- Genre: Drama
- Written by: Kay Mellor
- Directed by: Antonia Bird Kay Mellor
- Starring: Billie Piper Theo James Joe Armstrong Sue Johnston Kelly Harrison
- Composer: Mark Bradshaw
- Country of origin: United Kingdom
- Original language: English
- No. of series: 1
- No. of episodes: 2

Production
- Executive producers: Nicola Shindler Polly Hill Hugo Heppell
- Producer: Yvonne Francas
- Production locations: Leeds, West Yorkshire, England
- Running time: 90 minutes (x2)
- Production company: Rollem Productions in association with Screen Yorkshire for BBC

Original release
- Network: BBC One
- Release: 11 April – 18 April 2010

= A Passionate Woman =

2010 British miniseries

A Passionate Woman is a British two-part drama miniseries that aired on BBC One from 11 to 18 April 2010. It was written by Kay Mellor, an adaptation of her 1992 stage play, inspired by her mother's life story.

==Plot==
In the 1950s Yorkshire, Betty Stevenson, a married mother of one, falls in love with her Polish neighbour, Alex Crazenovski, aka "Craze." The two begin an affair, and Craze sends a letter to Betty asking her to run away with him. She responds in kind, and her letter is found by Craze's pregnant wife, who promptly seeks him out at the fairground where he works and shoots him dead. With her lover dead, Betty continues her life with her husband Donald and baby Mark.

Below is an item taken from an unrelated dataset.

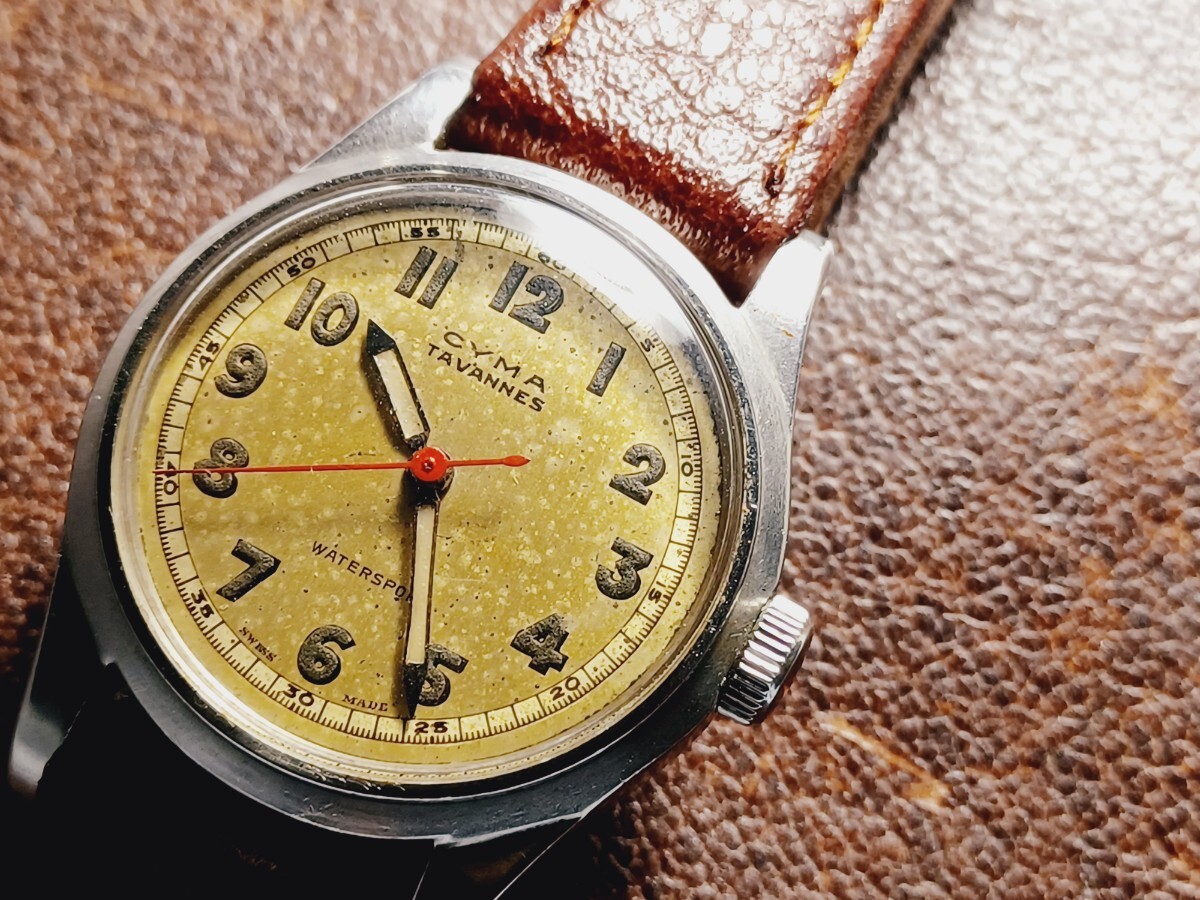 - 1940年代 CYMA 珍しいオールSS製コインエッジスクリューバック防水ケース!オリジナルWネーム文字盤!ダストカバー付き出車式ムーブ搭載!

The story then moves forward to the 1980s as Mark gets married and her affair becomes public knowledge.

==Inspiration==
Kay Mellor was inspired to write the story after her mother confessed to having an affair with a Polish neighbour in the 1950s when living in a poorer area of Leeds. Just like the story, the unnamed Pole was killed, which ended her mother's affair which she had kept secret for 30 years before revealing all. Mellor explained that with her mother being dead for three years, it was a way of bringing her back to life.

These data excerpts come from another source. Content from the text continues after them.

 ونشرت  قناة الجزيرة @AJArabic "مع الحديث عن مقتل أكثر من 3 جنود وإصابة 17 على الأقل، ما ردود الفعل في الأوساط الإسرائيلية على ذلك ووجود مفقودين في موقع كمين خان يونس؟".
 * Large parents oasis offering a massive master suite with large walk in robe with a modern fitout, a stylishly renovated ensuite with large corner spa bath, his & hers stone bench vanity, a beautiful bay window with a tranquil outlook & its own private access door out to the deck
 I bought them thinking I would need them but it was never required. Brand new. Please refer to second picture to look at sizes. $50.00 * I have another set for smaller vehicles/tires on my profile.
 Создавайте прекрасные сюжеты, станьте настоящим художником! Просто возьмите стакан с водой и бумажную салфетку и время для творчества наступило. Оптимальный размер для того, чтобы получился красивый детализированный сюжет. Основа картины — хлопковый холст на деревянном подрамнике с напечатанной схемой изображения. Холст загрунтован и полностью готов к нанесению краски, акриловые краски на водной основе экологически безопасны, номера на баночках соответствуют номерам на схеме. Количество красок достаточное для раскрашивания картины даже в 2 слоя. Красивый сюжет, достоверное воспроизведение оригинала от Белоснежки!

The work was originally a play that had first been performed at the West Yorkshire Playhouse in 1992 before moving on to the West End theatre. Mellor admitted that the film rights had been mooted, but she feared the production would end up with "...Cher on a rooftop in Detroit".

==Filming locations==
Filmed in 2009, Screen Yorkshire invested £250,000 in the programme and supplied crew for the filming locations. External scenes were filmed at Roundhay Park, Hyde Terrace, Hyde Park Cinema, Blenheim Square and the City Centre Market in Leeds. Additional filming was done at Bradford City Hall, St Luke's Hospital, and King's Hall and Winter Gardens in Bradford. Other parts were also recorded at Studio 81 in Leeds.

==Episodes==

| # | Title | Director | Writer | Original release date |
|---|---|---|---|---|
| 1 | "Episode 1" | Kay Mellor and Antonia Bird | Kay Mellor | 11 April 2010 |
| 2 | "Episode 2" | Kay Mellor and Antonia Bird | Kay Mellor | 18 April 2010 |

==Polish adaptation==

In 2009, Maciej Englert directed a Polish adaptation of the original play. The main roles were played by Marta Lipińska, Piotr Adamczyk and Krzysztof Kowalewski.